__TASK DESCRIPTION__.
Everything below from the line with "LOTE 49, VAQUILLONAS" through the line with "Experience effortless packing" must be retyped exactly, except the pictures.

Top of INPUT MATERIAL

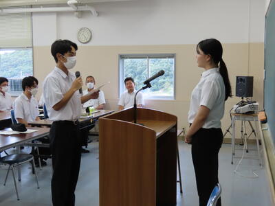 倉岳高校に新しい養護の先生がいらっしゃいました。9月1日(金)に新任式を行い、生徒たちに挨拶をしていただきました。これからよろしくお願いします。
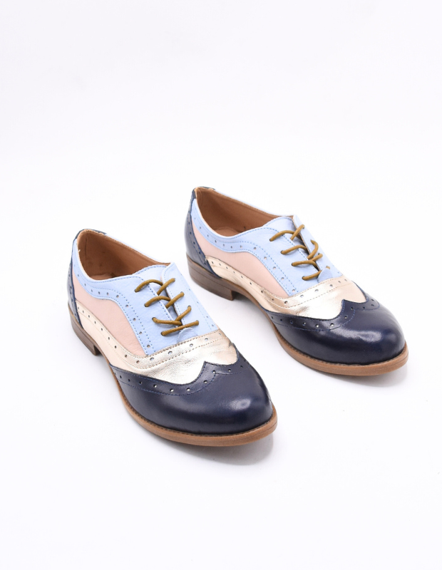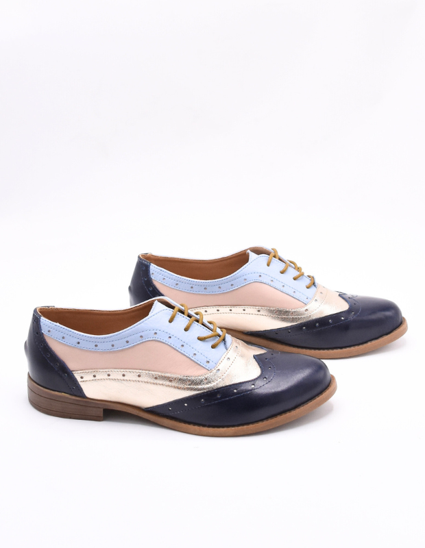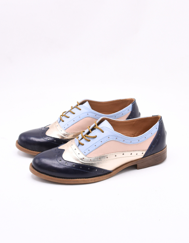 נעל אוקספורד בעבודת יד בעיצוב מיוחד במינו, עם שילוב צבעים אלגנטי של כחול נייבי, שמפניה וזהב בהיר ותכלת רכה.
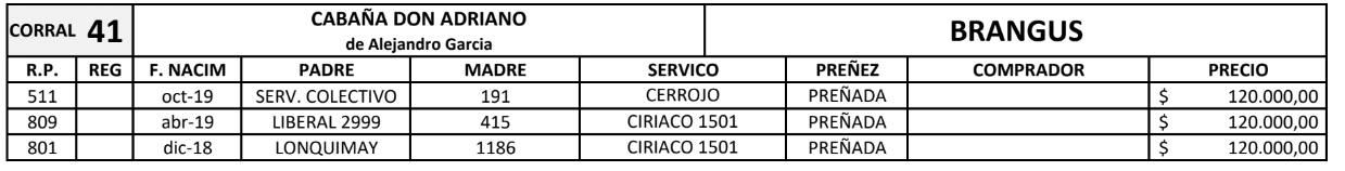 LOTE 49, VAQUILLONAS PREÑADAS(CORRAL 41) BRANGUS "CABAÑA DON ADRIANO" 🔥 🔥 🔥 Lote Anterior Volver al remate Lote Siguiente Información del Lote Animales del Lote Pedigree Ofertar Contacto Chaco - Gral. San Martín Información del Lote Identificador: #126731 Cantidad 3 Categoría Vaquillonas preñadas Raza Brangus Certificado 1 Departamento Chaco Ubicación Gral. San Martín Plazo Consultar Chaco - Gral. San Martín Ofertar Fecha de cierre: 02 de Septiembre a las 16:05hs. Prórroga: 5 minutos Aún no tiene ofertas Animales: 511 809 801 Plazo: Contado 30 días 45 días 60 días 90 días 120 días 180 días Contado, 30 y 60 dias Su Oferta en $: − + Step: -5.000,00 / +5.000,00 Programar puja hasta: Programar puja hasta Aumentar puja programada 130000 220000 **Oferta al bulto Iniciar sesión para ofertar Ofertar Compra por $ 99.000.000,00 Ofertas Recibidas $ Fecha/Hora Estado Este lote aún no tiene preofertas. ¿Estás seguro de comprar el LOTE VAQUILLONAS PREÑADAS(CORRAL 41) BRANGUS "CABAÑA DON ADRIANO" por $ 99000000 ? 94 Visualizaciones ClicData Animales del Lote RP 511 809 801 PRECIO BASE 0.00 0.00 0.00 RP 511 PRECIO BASE 0.00 RP 809 PRECIO BASE 0.00 RP 801 PRECIO BASE 0.00 Pedigree Contacto Comercial a cargo: Santiago Usandizaga Empresa: CASA USANDIZAGA S.A. Nombre*: E-mail* : Mensaje Enviar Registrese gratis Este contenido Exclusivo está disponible sólo para usuarios registrados Ingresar
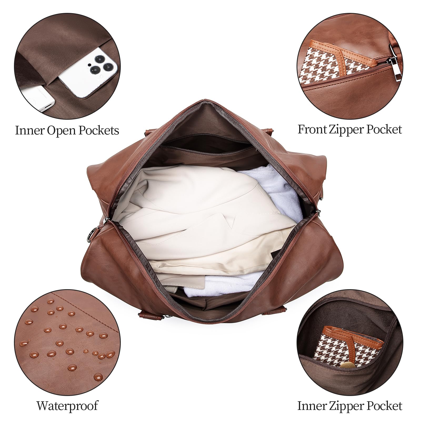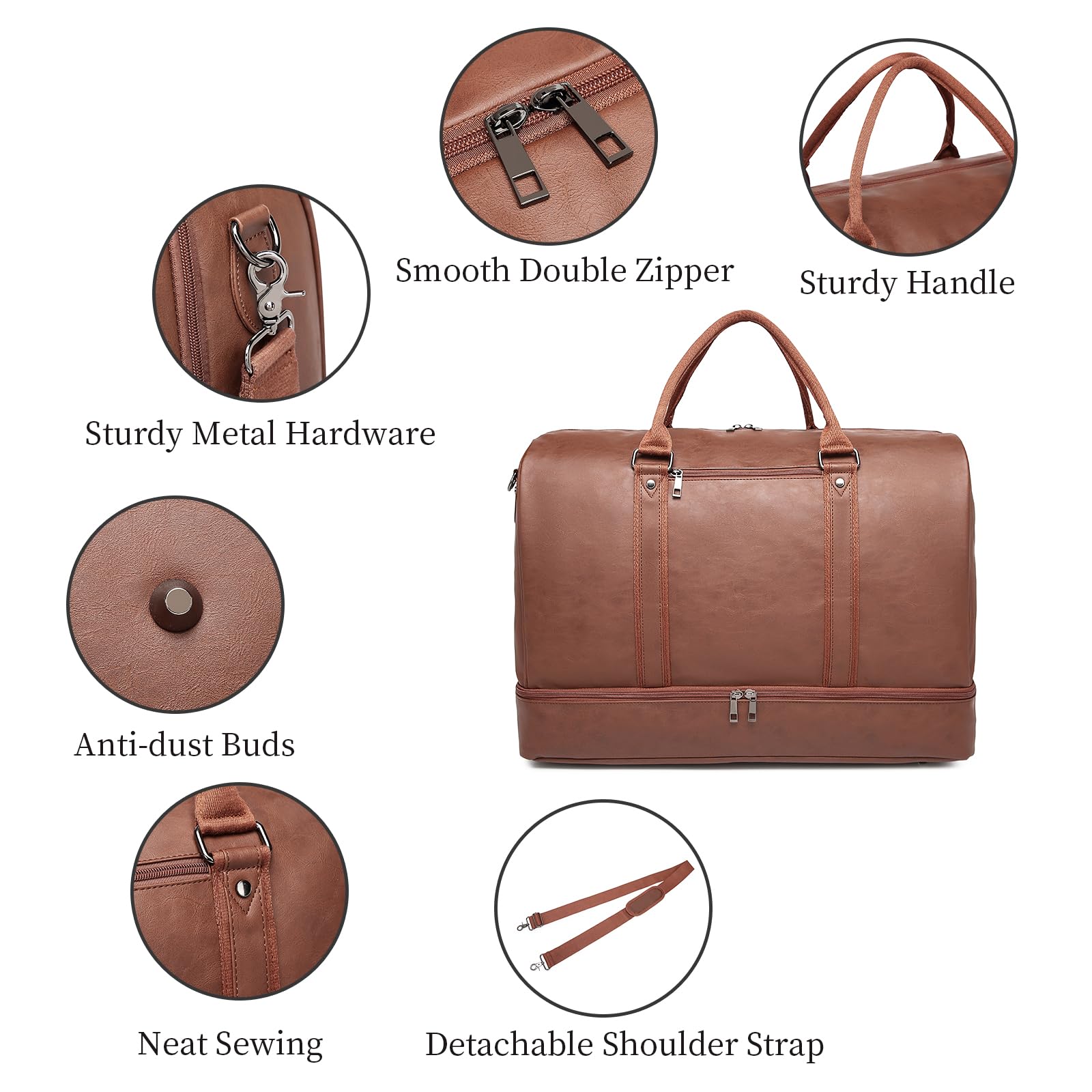 Experience effortless packing and ultimate versatility with the JetSet Leather Duffel, the perfect oversized weekender bag for both men and women. Designed with a modern traveler in mind, this stylish brown PU leather duffel bag combines form and function, making it your go-to companion for weekend getaways, business trips, gym sessions, or hospital visits.
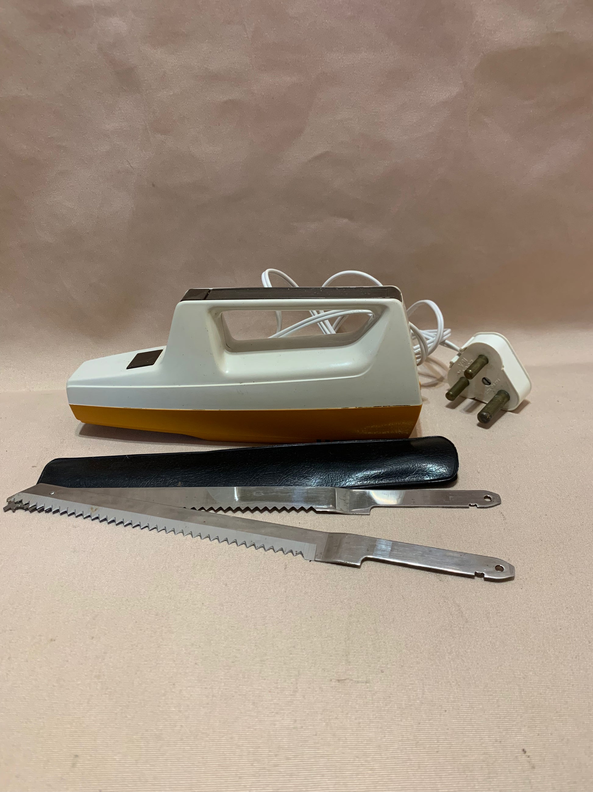 Elevate your culinary presentation with this distinguished vintage Moulinex carving knife, a testament to French engineering excellence. Featuring freshly installed blades that deliver precision cuts through roasted meats and poultry, this classic tool combines timeless design with renewed functionality. The ergonomic handle provides confident control, while the sharp, durable blades ensure clean, professional results every time. A refined addition to any kitchen, whether for everyday use or special occasions.
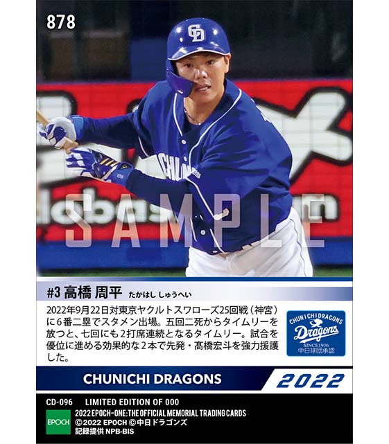 公式【高橋周平】2打席連続タイムリー(22.9.22) のカードを買うならエポックワン!税込・送料無料!

Bottom of INPUT MATERIAL

__EXERCISE SOLUTION__.
 LOTE 49, VAQUILLONAS PREÑADAS(CORRAL 41) BRANGUS "CABAÑA DON ADRIANO" 🔥 🔥 🔥 Lote Anterior Volver al remate Lote Siguiente Información del Lote Animales del Lote Pedigree Ofertar Contacto Chaco - Gral. San Martín Información del Lote Identificador: #126731 Cantidad 3 Categoría Vaquillonas preñadas Raza Brangus Certificado 1 Departamento Chaco Ubicación Gral. San Martín Plazo Consultar Chaco - Gral. San Martín Ofertar Fecha de cierre: 02 de Septiembre a las 16:05hs. Prórroga: 5 minutos Aún no tiene ofertas Animales: 511 809 801 Plazo: Contado 30 días 45 días 60 días 90 días 120 días 180 días Contado, 30 y 60 dias Su Oferta en $: − + Step: -5.000,00 / +5.000,00 Programar puja hasta: Programar puja hasta Aumentar puja programada 130000 220000 **Oferta al bulto Iniciar sesión para ofertar Ofertar Compra por $ 99.000.000,00 Ofertas Recibidas $ Fecha/Hora Estado Este lote aún no tiene preofertas. ¿Estás seguro de comprar el LOTE VAQUILLONAS PREÑADAS(CORRAL 41) BRANGUS "CABAÑA DON ADRIANO" por $ 99000000 ? 94 Visualizaciones ClicData Animales del Lote RP 511 809 801 PRECIO BASE 0.00 0.00 0.00 RP 511 PRECIO BASE 0.00 RP 809 PRECIO BASE 0.00 RP 801 PRECIO BASE 0.00 Pedigree Contacto Comercial a cargo: Santiago Usandizaga Empresa: CASA USANDIZAGA S.A. Nombre*: E-mail* : Mensaje Enviar Registrese gratis Este contenido Exclusivo está disponible sólo para usuarios registrados Ingresar
 Experience effortless packing and ultimate versatility with the JetSet Leather Duffel, the perfect oversized weekender bag for both men and women. Designed with a modern traveler in mind, this stylish brown PU leather duffel bag combines form and function, making it your go-to companion for weekend getaways, business trips, gym sessions, or hospital visits.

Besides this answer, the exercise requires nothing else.